The research, Legal Innovation in Impact Investing, was conducted with law firm Morrison & Foerster, and draws upon anonymous surveys with ICM’s 67 members who include the likes of Bain Capital, Bridges Fund Management, Morgan Stanley, KKR and TPG Rise Fund.
Carried interest - a key metric in private equity - is effectively a way to financially compensate GPs to meet or exceed financial targets. Fund managers get paid a percentage of the fund’s profits - so it’s a way to ensure GPs and LPs interests are aligned. Linking impact fund managers’ carried interest or other types of management compensation to impact performance as a way to ensure the funds meet their goals has been widely discussed in the impact investing space but rarely implemented.
But Susan Mac Cormac, Corporate partner at Morrison & Foerster, told RI that while fewer than 15% of funds surveyed tie management compensation such as carried interest to impact goals, the survey shows it is becoming more common as it was “very rare” just five years ago.
She said mechanisms in addition carry included linking bonus compensation to impact metrics such as carbon emission reduction value.

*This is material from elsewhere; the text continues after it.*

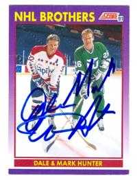 Dale Hunter & Mark Hunter autographed Hockey Card (NHL Brothers 1991 Score #306 Whalers & Capitals)

“Performance-linked securities are also more common when these funds invest in impact – particularly with debt but also with equity,” she added. This could include, for example, lower interest rates when climate mitigation or reduced emissions goals have been met.
More commonly used legal tools (greater than 50% of respondents) include requiring impact reporting from the GPs and portfolio companies, and including impact orientation in the fund purpose section or investment objective.
Several survey respondents also said financial penalties or fee suspensions could be imposed if the GP does not meet impact reporting requirements.
Requiring a third party audit of impact reporting or the targeting of companies with a corporate structure designed to protect impact such as B Corp status is somewhat common (between 15% and 50% of respondents).
Frontier legal tools profiled in the report include providing options for extending a fund’s term if needed to meet impact goals and using term sheets to require diversity and inclusion goals from portfolio companies.
Marieke Spence, ICM Executive Director, said the purpose of the report was to take the temperature of the market and explore emerging trends around legal tools the impact investment industry is using.
The research also looked at views on the “impact” label and found concerns that the label had become very broad which could be both helpful and diluting to the market.